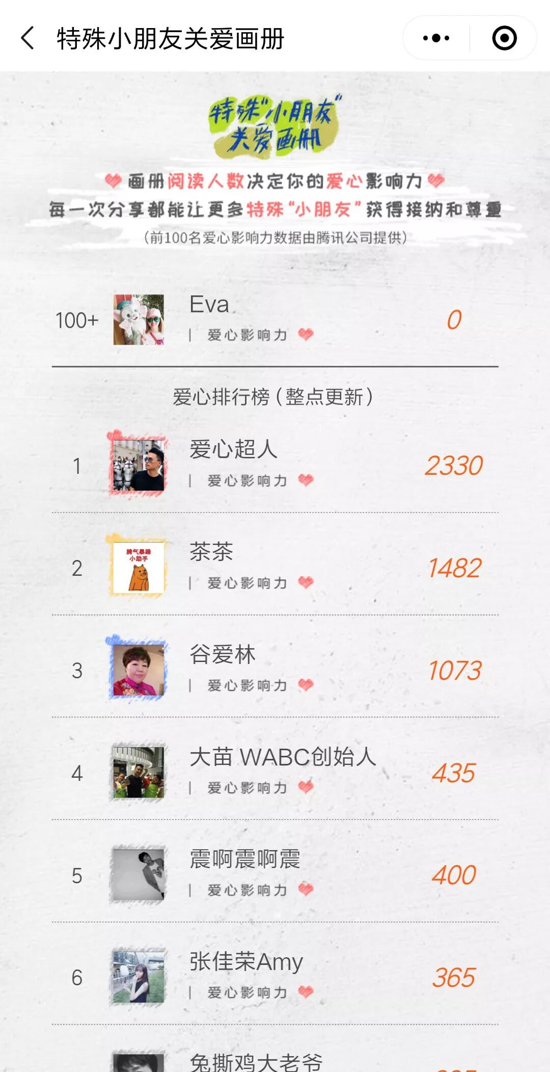 针对小程序自带社交属性这一特性,轻松筹还设计了爱心排行榜。用户在分享小程序或生成的海报后,画册的阅读人数决定了爱心影响力。爱心排行榜整点更新,显示前100位。一方面,爱心排行榜可以鼓励用户分享。另一方面,每一次分享可以让更多人了解“特殊小朋友”,使他们获得接纳和尊重。
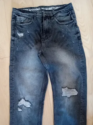 Pantalones vaqueros de corte recto con un estilo desgastado y moderno. - Diseño con rotos en rodillas y muslo. - Cintura con trabillas para cinturón. - Cierre de cremallera y botón. talla 30/32
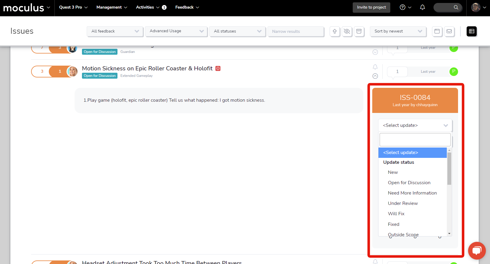 To access this new functionality, simply open the expanded view of any feedback ticket card, and click the new Quick update hyperlink. This link will present you with a drop-down list of a huge variety of actions, including status updates, macros, and even the new feedback conversion tool mentioned above! You'll also be able to quickly reply to a ticket from the card itself (both as a single action or in addition to one of the previously mentioned actions). We love giving you solutions that increase functionality and reduce friction at the same time!
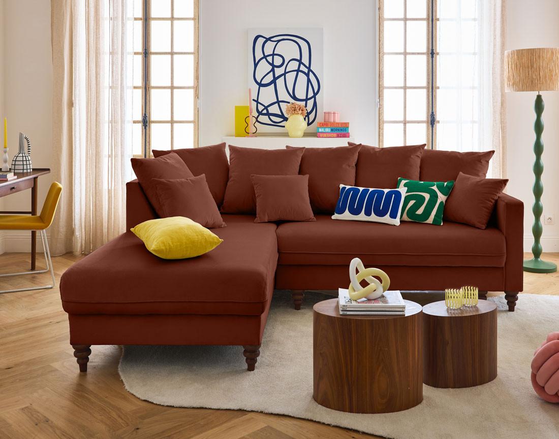 Flamingo - canapé d'angle gauche 4 places convertible en velours
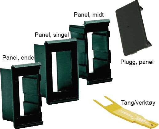 Panel til Superswitch er et enkelt byggesystem for å montere bryterne. Panelene skyves i hverandre.Egen metall tang kan kjøpes for enklere å ta bryterne ut av panelet.Utskjæring panel: 27x50 mm
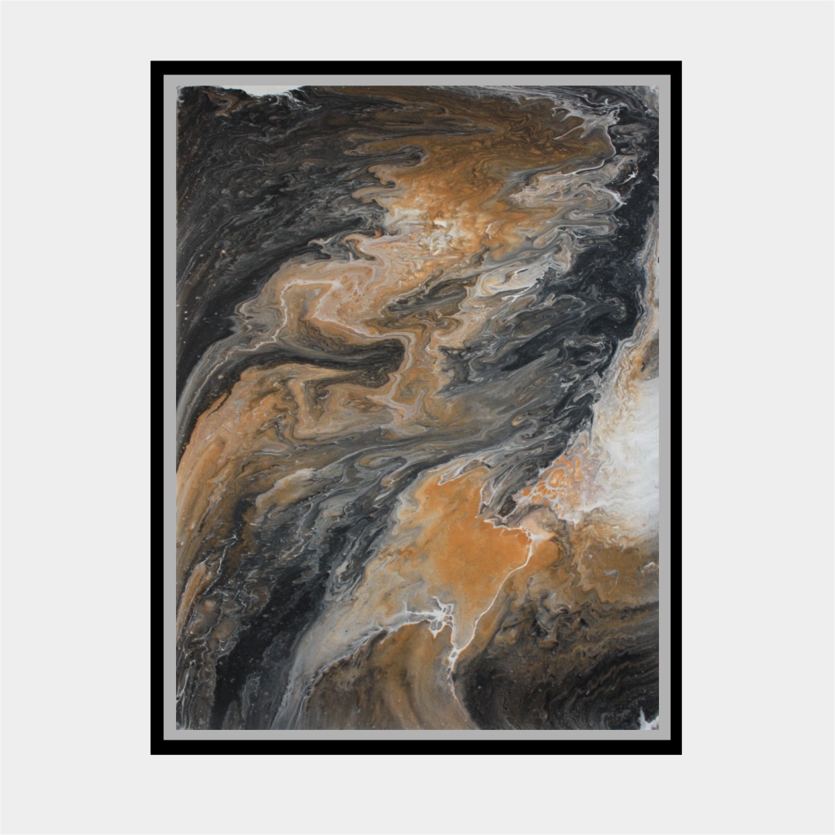 Gold and Black are amongst my favourite paint colour combinations and I hope you agree that Golden Haze lives up to its name. Just the right amount of each colour with a hint of white in this Acrylic Pour has contributed to its interesting and mysterious shapes.
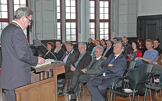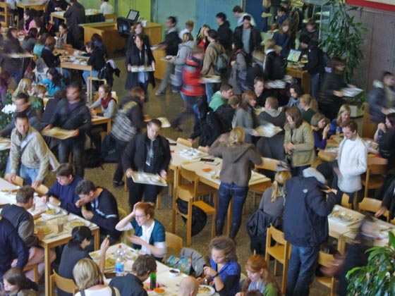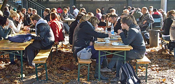 Marburg 28.10.2010 (yb) Die gut 500 Plätze im großen Speisesaal der Mensa waren besetzt mit bestens gelaunten ErstsemsterInnen. Inmitten saßen Uni-Vizepräsident Prof. Schachtner, Studentenwerk-Geschäftsführer Uwe Grebe, Marburgs OB Egon Vaupel …
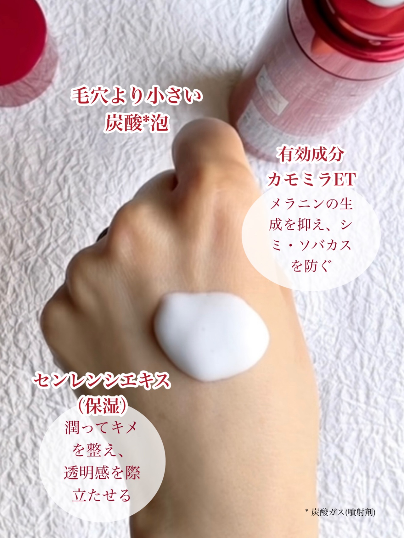 高密度*1マイクロ炭酸*2泡の美容液です。毛穴の約1/20サイズという「微細」、かつ、炭酸なのに弾けにくい『濃密マイクロバブル技術』を活用した艶やかな炭酸泡が、とろりと角層深く浸透する特徴があります。 「成分ファースト」にこだわって、日本で唯一*4薬用化粧品にALBLANCが配合している厳選成分、「センレンシエキス(保湿)」を配合し、潤って透明感溢れる肌へ導いてくれるそう! 泡がジュワジュワと消えていきながら肌に馴染んでいく工程が気持ちよく、楽しみながらスキンケアできています。しっとりとした使い心地も気に入っています。
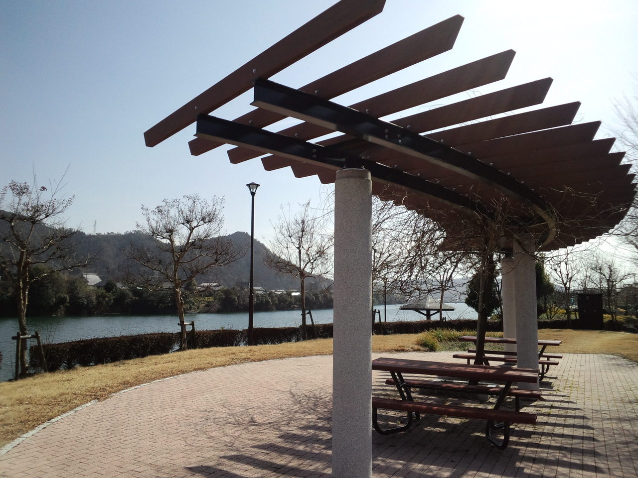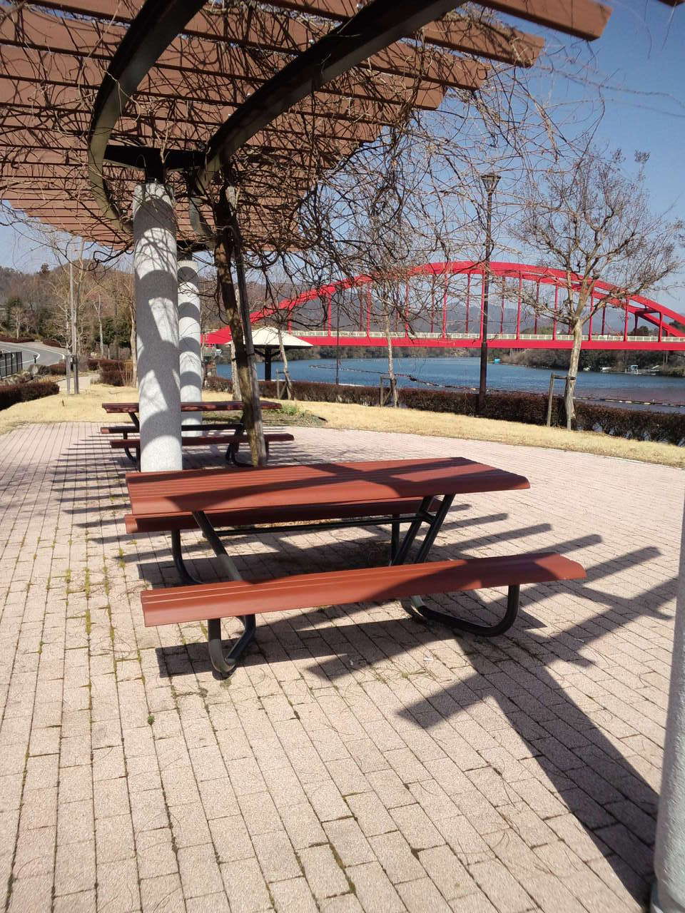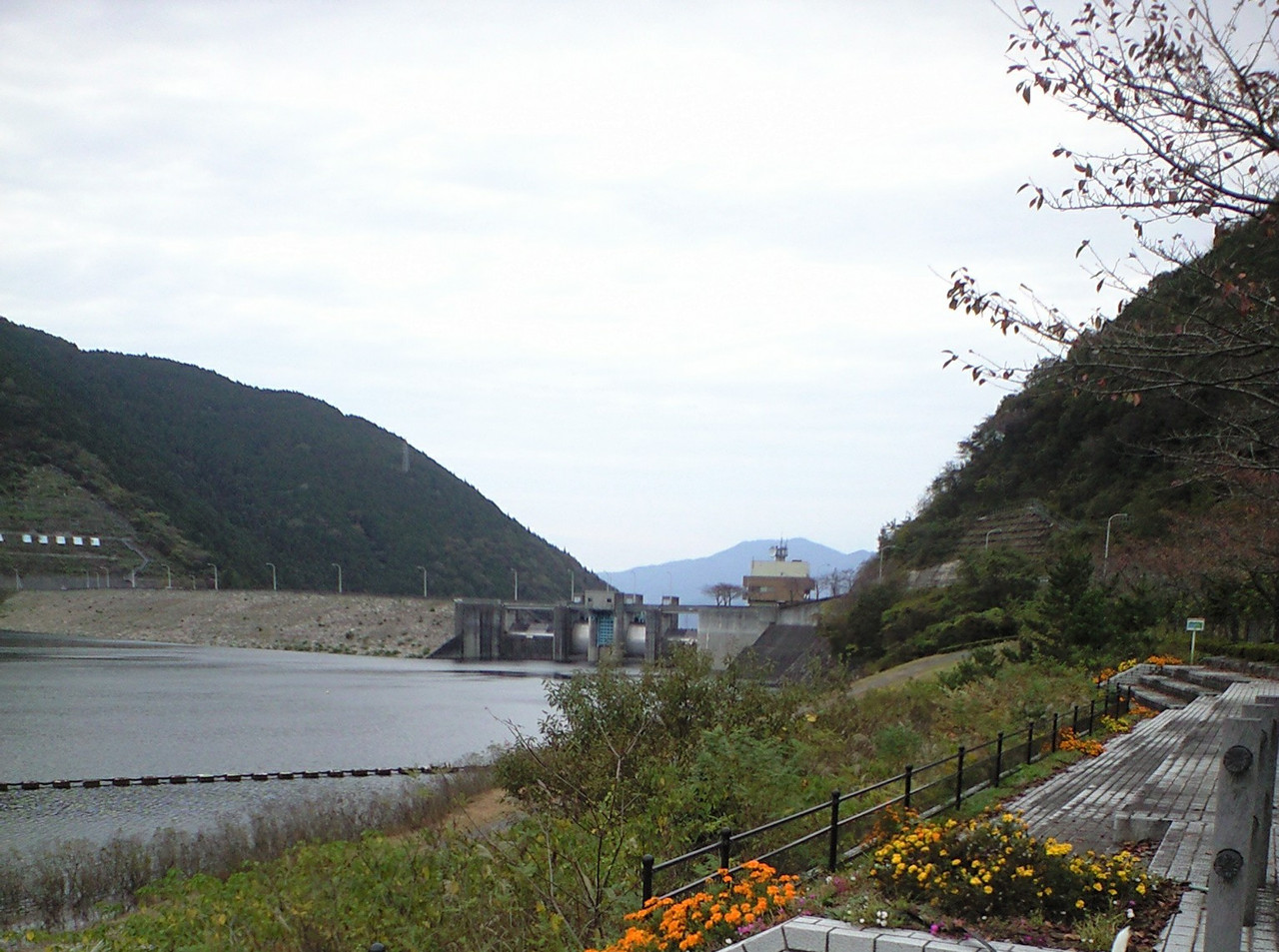 国道沿いにダム公園の大きな駐車場があり、そこから階段をちょっと降りればダム湖が見える公園です。
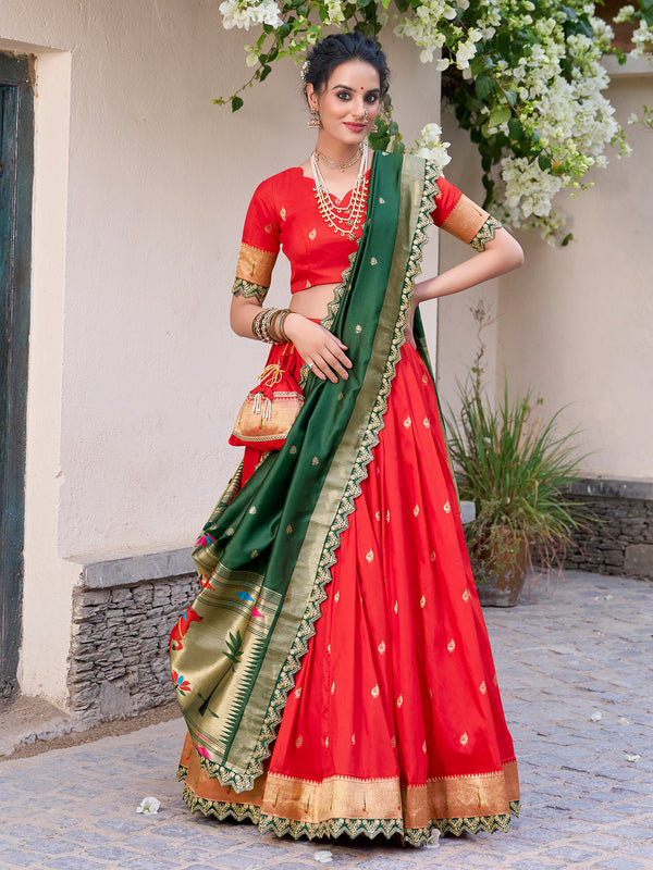 Traditional Red Silk Lehenga with Khatli Embroidery Heavy Work for Wedding Wear
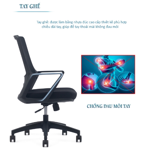 | Tay ghế | – Tay ghế được làm bằng nhựa chất lượng cao, hiện đại và thẩm mỹ cho không gian làm việc |
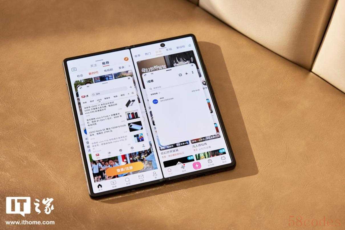 其他方面,vivo X Fold+ 还针对金融类应用进行了大屏优化,以及针对生产力打造的琥珀扫描、量子套件、原子笔记等,还支持设备互联,比如可以和 vivo Pad 平板搭配,实现内容跨屏同步、通话接力等。
^^^^^^^^^^^^^^^^
EXERCISE DETAILS:
Starting with the line that contains "Pantalones vaqueros de" and finishing with the line that contains "Traditional Red Silk", reproduce every line of the material above exactly, but not the pictures.

RESPONSE TO THE EXERCISE:
 Pantalones vaqueros de corte recto con un estilo desgastado y moderno. - Diseño con rotos en rodillas y muslo. - Cintura con trabillas para cinturón. - Cierre de cremallera y botón. talla 30/32
 To access this new functionality, simply open the expanded view of any feedback ticket card, and click the new Quick update hyperlink. This link will present you with a drop-down list of a huge variety of actions, including status updates, macros, and even the new feedback conversion tool mentioned above! You'll also be able to quickly reply to a ticket from the card itself (both as a single action or in addition to one of the previously mentioned actions). We love giving you solutions that increase functionality and reduce friction at the same time!
 Flamingo - canapé d'angle gauche 4 places convertible en velours
 Panel til Superswitch er et enkelt byggesystem for å montere bryterne. Panelene skyves i hverandre.Egen metall tang kan kjøpes for enklere å ta bryterne ut av panelet.Utskjæring panel: 27x50 mm
 Gold and Black are amongst my favourite paint colour combinations and I hope you agree that Golden Haze lives up to its name. Just the right amount of each colour with a hint of white in this Acrylic Pour has contributed to its interesting and mysterious shapes.
 Marburg 28.10.2010 (yb) Die gut 500 Plätze im großen Speisesaal der Mensa waren besetzt mit bestens gelaunten ErstsemsterInnen. Inmitten saßen Uni-Vizepräsident Prof. Schachtner, Studentenwerk-Geschäftsführer Uwe Grebe, Marburgs OB Egon Vaupel …
 高密度*1マイクロ炭酸*2泡の美容液です。毛穴の約1/20サイズという「微細」、かつ、炭酸なのに弾けにくい『濃密マイクロバブル技術』を活用した艶やかな炭酸泡が、とろりと角層深く浸透する特徴があります。 「成分ファースト」にこだわって、日本で唯一*4薬用化粧品にALBLANCが配合している厳選成分、「センレンシエキス(保湿)」を配合し、潤って透明感溢れる肌へ導いてくれるそう! 泡がジュワジュワと消えていきながら肌に馴染んでいく工程が気持ちよく、楽しみながらスキンケアできています。しっとりとした使い心地も気に入っています。
 国道沿いにダム公園の大きな駐車場があり、そこから階段をちょっと降りればダム湖が見える公園です。
 Traditional Red Silk Lehenga with Khatli Embroidery Heavy Work for Wedding Wear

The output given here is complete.